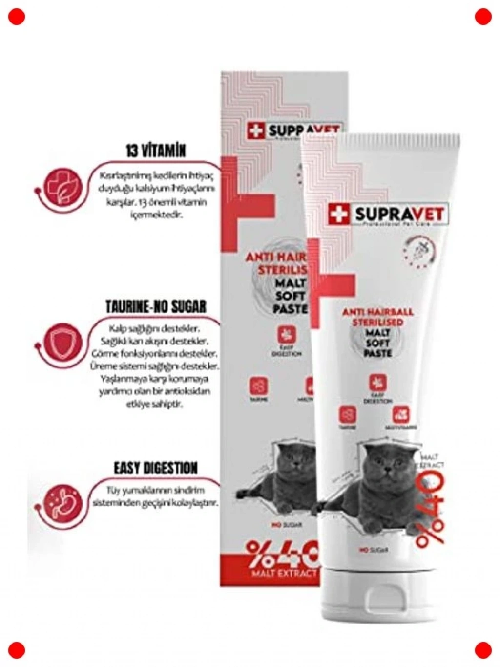 Kısırlaştırılmış kedinizin özel ihtiyaçları için özenle hazırlanmış bu malt macunu ile onun sağlığını destekleyin. Zengin multivitamin içeriği sayesinde bağışıklık sistemini güçlendirir ve genel sağlığını korur. Maltın doğal lifleri, kedinizin midesinde oluşan tüy yumaklarının kolayca atılmasına yardımcı olurken, sindirim sisteminin düzenli çalışmasını destekler. Özellikle kısırlaştırılmış kedilerde görülebilen kilo kontrolü ve idrar yolu sağlığına katkıda bulunur. Lezzetli formülü sayesinde kediniz severek tüketecek, böylece hem sağlıklı hem de mutlu kalacaktır. Günlük rutininde ona sunduğunuz bu özel destekle daha enerjik ve canlı bir yaşam sürmesine yardımcı olun. 100 gramlık pratik ambalajıyla uzun süreli kullanım imkanı sunar.
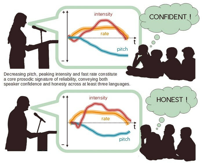 Two types of judgements (certainty, honesty) are based on a single acoustic signature: high pitch that falls at the end of the word, intensity in the middle of the word, and fast speech rate. Above: certainty, below: honesty. Jean-Julien Aucouturier and Louise Goupil, STMS laboratory (CNRS/Ircam/Sorbonne Université/Ministère de la Culture) - Faster speech rate, greater intensity in the middle of the word, and falling pitch at the end of the word: that is the prosody 1 to adopt if one wants to come across as reliable and honest to one's listeners. Scientists from the Science and Technology for Music and Sound laboratory (CNRS/Ircam/Sorbonne Université/Ministère de la Culture) 2 and the Perceptual Systems Laboratory (CNRS/ENS PSL) have conducted a series of experiments 3 to understand how we decide, based on the voice, whether a speaker is honest and confident, or on the contrary dishonest and uncertain. They have also shown that this signature was perceived similarly in a number of languages (French, English, Spanish), and that it is registered "automatically" by the brain: even when participants were not judging the speaker's certainty or honesty, this characteristic sound impacted how they memorized the words. Prosody consequently conveys information on the truth-value or certainty of a proposition. Scientists are now trying to understand how speakers produce such prosody based on their intentions.
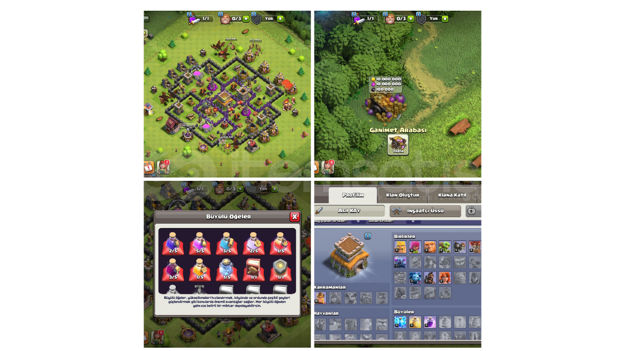CLASH OF CLANS: bu alanı kısa geçicem,8 lvl belediye binası, ejderha 3lvl, balon 4 lvl. kral 10 lvl ve ganimet arabasında 10 milyon iksir ve altın her ikisinden 10 m, 100 bin kara iksir.
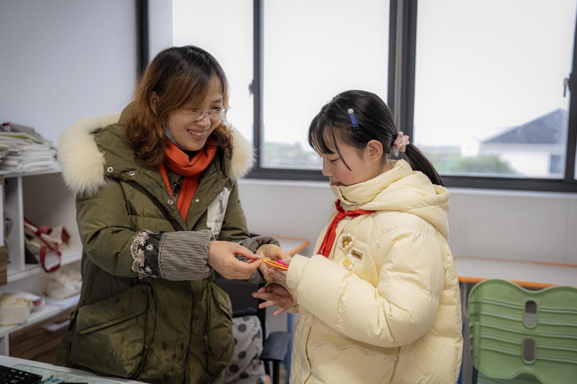 制作完成后,学生们激动地将自己亲手制作的钥匙扣和刺绣赠予女教师与母亲,表达了对她们的敬爱和感恩之情。她们收到礼物后纷纷表示感动和喜爱,并对学生们的努力和创意表示赞赏。
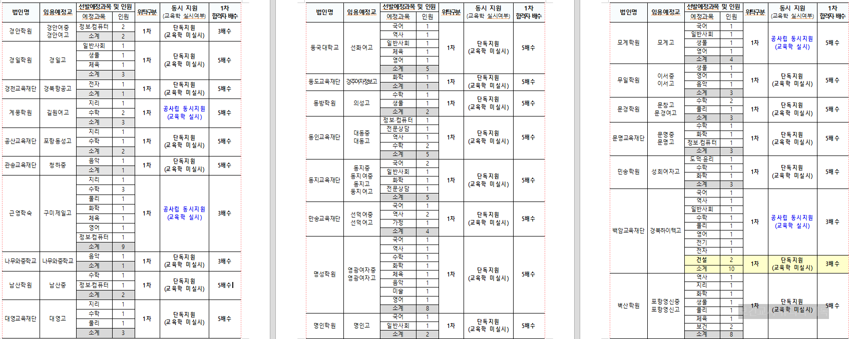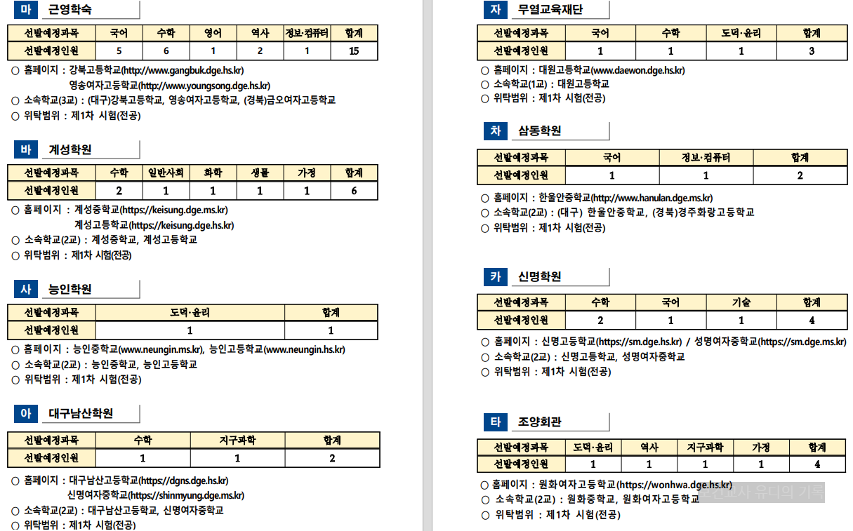 !!! 정확한 내용은 해당 교육청 공고를 반드시 확인하세요!!!
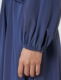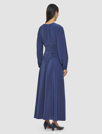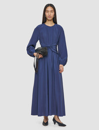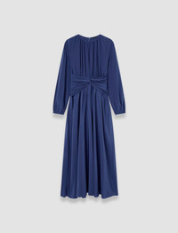 The Leila Crepe de Soie Knot Silk Dress is a full-length, fit to flare dress, crafted from JOSEPH’s signature luxurious silk crepe. This romantic style dress features a knotted centre that accentuates the waist and creates an elegant gathered detail. Its lightness allows for volume, drape and exceptional comfort. - 100% silk - Fit to flare - Full-length - Voluminous sleeves - Knotted waist detail - Invisible back zip - Product code: jf0092201403 - Harbour Blue SIZE ADVICE - Model wears size FR 36/UK 8/EU 34/US 4/DE 34/IT 40/JP 7 CARE & MATERIALS - 100% Silk - Do not wash - Do not bleach - Do not tumble dry - Iron low temperature setting - Dry clean
■ ■ ■ ■ ■
[What you are asked to do]: Quote the material in full and exactly; do not carry over its pictures.

[Worked solution]:
 Kısırlaştırılmış kedinizin özel ihtiyaçları için özenle hazırlanmış bu malt macunu ile onun sağlığını destekleyin. Zengin multivitamin içeriği sayesinde bağışıklık sistemini güçlendirir ve genel sağlığını korur. Maltın doğal lifleri, kedinizin midesinde oluşan tüy yumaklarının kolayca atılmasına yardımcı olurken, sindirim sisteminin düzenli çalışmasını destekler. Özellikle kısırlaştırılmış kedilerde görülebilen kilo kontrolü ve idrar yolu sağlığına katkıda bulunur. Lezzetli formülü sayesinde kediniz severek tüketecek, böylece hem sağlıklı hem de mutlu kalacaktır. Günlük rutininde ona sunduğunuz bu özel destekle daha enerjik ve canlı bir yaşam sürmesine yardımcı olun. 100 gramlık pratik ambalajıyla uzun süreli kullanım imkanı sunar.
 Two types of judgements (certainty, honesty) are based on a single acoustic signature: high pitch that falls at the end of the word, intensity in the middle of the word, and fast speech rate. Above: certainty, below: honesty. Jean-Julien Aucouturier and Louise Goupil, STMS laboratory (CNRS/Ircam/Sorbonne Université/Ministère de la Culture) - Faster speech rate, greater intensity in the middle of the word, and falling pitch at the end of the word: that is the prosody 1 to adopt if one wants to come across as reliable and honest to one's listeners. Scientists from the Science and Technology for Music and Sound laboratory (CNRS/Ircam/Sorbonne Université/Ministère de la Culture) 2 and the Perceptual Systems Laboratory (CNRS/ENS PSL) have conducted a series of experiments 3 to understand how we decide, based on the voice, whether a speaker is honest and confident, or on the contrary dishonest and uncertain. They have also shown that this signature was perceived similarly in a number of languages (French, English, Spanish), and that it is registered "automatically" by the brain: even when participants were not judging the speaker's certainty or honesty, this characteristic sound impacted how they memorized the words. Prosody consequently conveys information on the truth-value or certainty of a proposition. Scientists are now trying to understand how speakers produce such prosody based on their intentions.
CLASH OF CLANS: bu alanı kısa geçicem,8 lvl belediye binası, ejderha 3lvl, balon 4 lvl. kral 10 lvl ve ganimet arabasında 10 milyon iksir ve altın her ikisinden 10 m, 100 bin kara iksir.
 制作完成后,学生们激动地将自己亲手制作的钥匙扣和刺绣赠予女教师与母亲,表达了对她们的敬爱和感恩之情。她们收到礼物后纷纷表示感动和喜爱,并对学生们的努力和创意表示赞赏。
 !!! 정확한 내용은 해당 교육청 공고를 반드시 확인하세요!!!
 The Leila Crepe de Soie Knot Silk Dress is a full-length, fit to flare dress, crafted from JOSEPH’s signature luxurious silk crepe. This romantic style dress features a knotted centre that accentuates the waist and creates an elegant gathered detail. Its lightness allows for volume, drape and exceptional comfort. - 100% silk - Fit to flare - Full-length - Voluminous sleeves - Knotted waist detail - Invisible back zip - Product code: jf0092201403 - Harbour Blue SIZE ADVICE - Model wears size FR 36/UK 8/EU 34/US 4/DE 34/IT 40/JP 7 CARE & MATERIALS - 100% Silk - Do not wash - Do not bleach - Do not tumble dry - Iron low temperature setting - Dry clean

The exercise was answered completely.